Thank you, as always, for good brainfood. And you continue to have fine taste in literature (I think re: this week's bookshelf, Ms. Levy is on Team Breeder while Ms. Zink is Team Childfree).
-Sean
Ah, thank you for your thoughts on this. A colleague shared The End of Children article with me this week, so it’s been top of mind for me.
I also read In Praise of Unruly Children in Church (https://www.christiancentury.org/voices/praise-unruly-children-church) earlier this week. It offers a refreshingly open-minded pro-child perspective that feels like more and more of a rarity these days.

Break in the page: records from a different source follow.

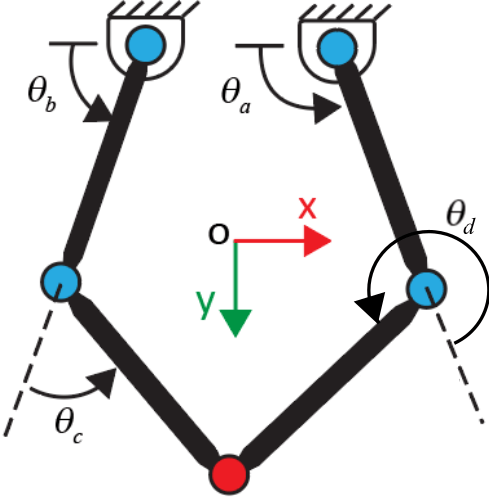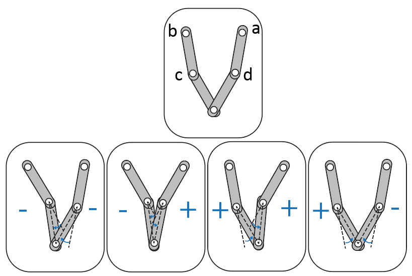 5 節ロボットにはコンフィギュレーション空間の領域として --、-+、++、+- の 4 つがあります。図に示すとおり、それぞれの符号は、対応する近位リンクと遠位リンク間のオフセット角の符号を表します。能動回転ジョイント a および b はモーターによって直接制御され、受動回転ジョイント c および d は近位リンクと遠位リンクを接続します。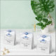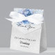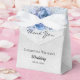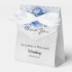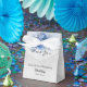 En snyggt faux silver tittar bakgrund som är dekorerad med blå sparkler och blommor. Med texten: Bröllop och Tack skrivet med ett modernt handskript i stil. Anpassa och lägg till namn och datum.
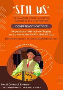 Op 12 oktober neemt Jan afscheid als tonprater, en om dit te markeren heeft de organisatie ‘Stil us’ een afscheidsavond georganiseerd in Hotel Centraal in Someren.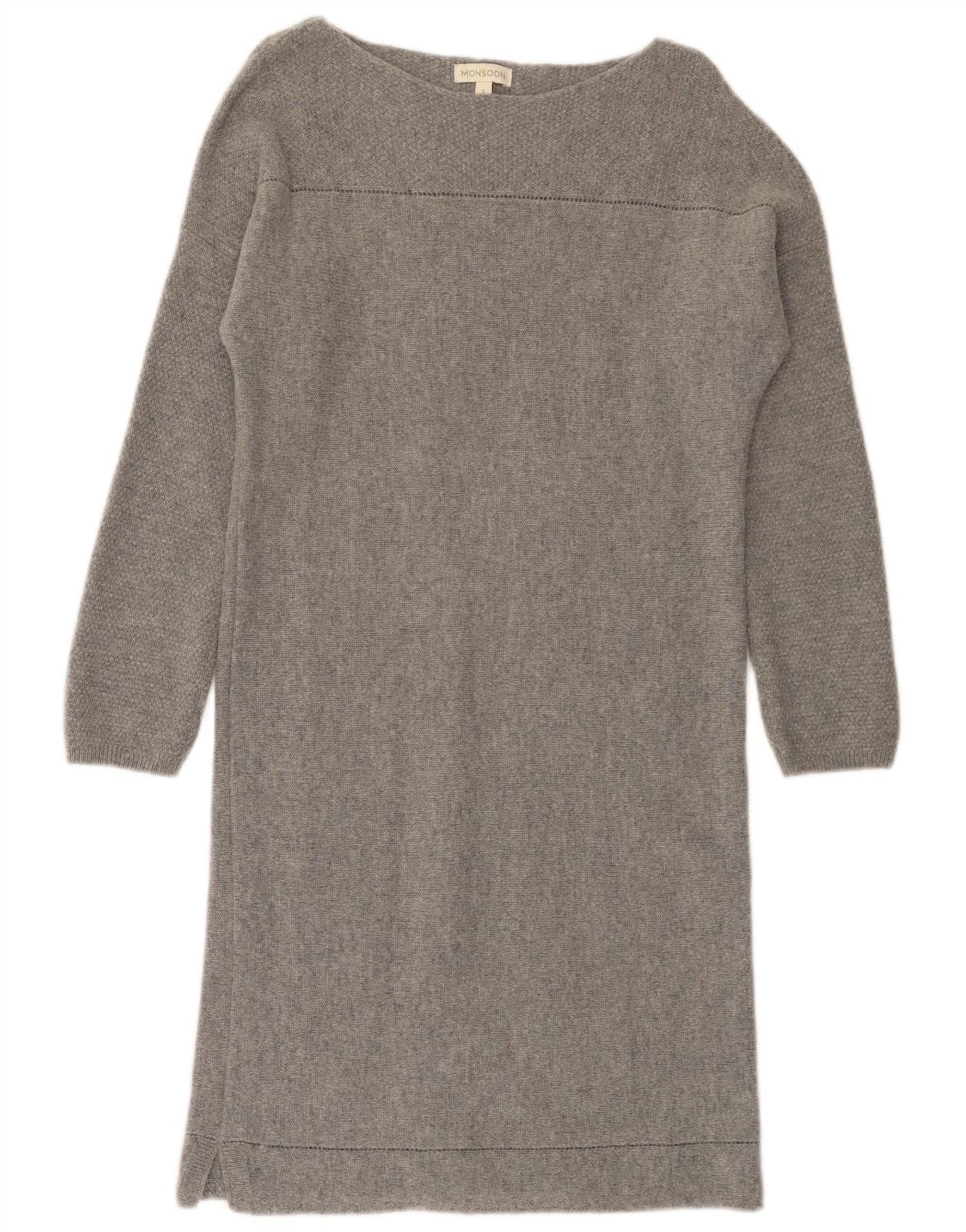 MONSOON Womens Long Sleeve Jumper Dress UK 10 Small Grey Wool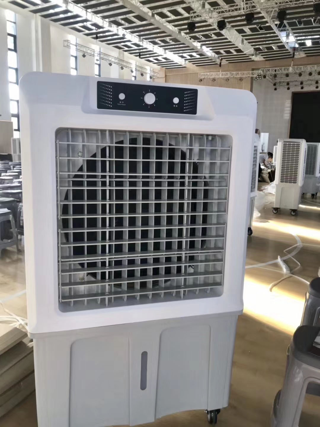 高大空間通風(fēng)換氣方法辦法每小時57.5次將近每分鐘1次的換氣次數(shù)就騰煌節(jié)能環(huán)保空調(diào)的特點,水冷空調(diào)TH-23A功率僅為1.5KW,一般的工廠車間只需要不到30次/時的換氣次數(shù),那么一臺水冷空調(diào)23A就可以滿足130-200平左右的車間通風(fēng)降溫的需求。服務(wù)熱線13316055627

I think you could add to your list of what’s changed since the Brothers Grimm is the fact that women are, yes, emancipated and have more agency, but are also increasingly recognized (sometimes, at least—*sighs deeply*) as valuable contributors to society in roles that extend beyond mere childbearing. In other words (very crudely put!), perhaps women once desperately wanted children because it was one of the only ways they could be seen as having worth and value.
Something I’m personally working on as a mom is being less apologetic for the public chaos my three little ones bring to nearly all the spaces they inhabit. I’m trying to learn to embrace it, champion it, celebrate it. For me, that starts with recognizing just how deeply I’ve been conditioned to assume a constant posture of apology for their rambunctious, spirited existence. I’m a people pleaser, and those roots run deep.
This line is a helpful reminder of the importance of uprooting those toxic frameworks: “We tend to see them as sticky nuisances instead of what they might actually be: an eternal joy, a legacy, an unfolding new life.” Thank you. Beautifully put.
Add to the list:
* Fun had not been invented yet.
* Your children were your retirement plan.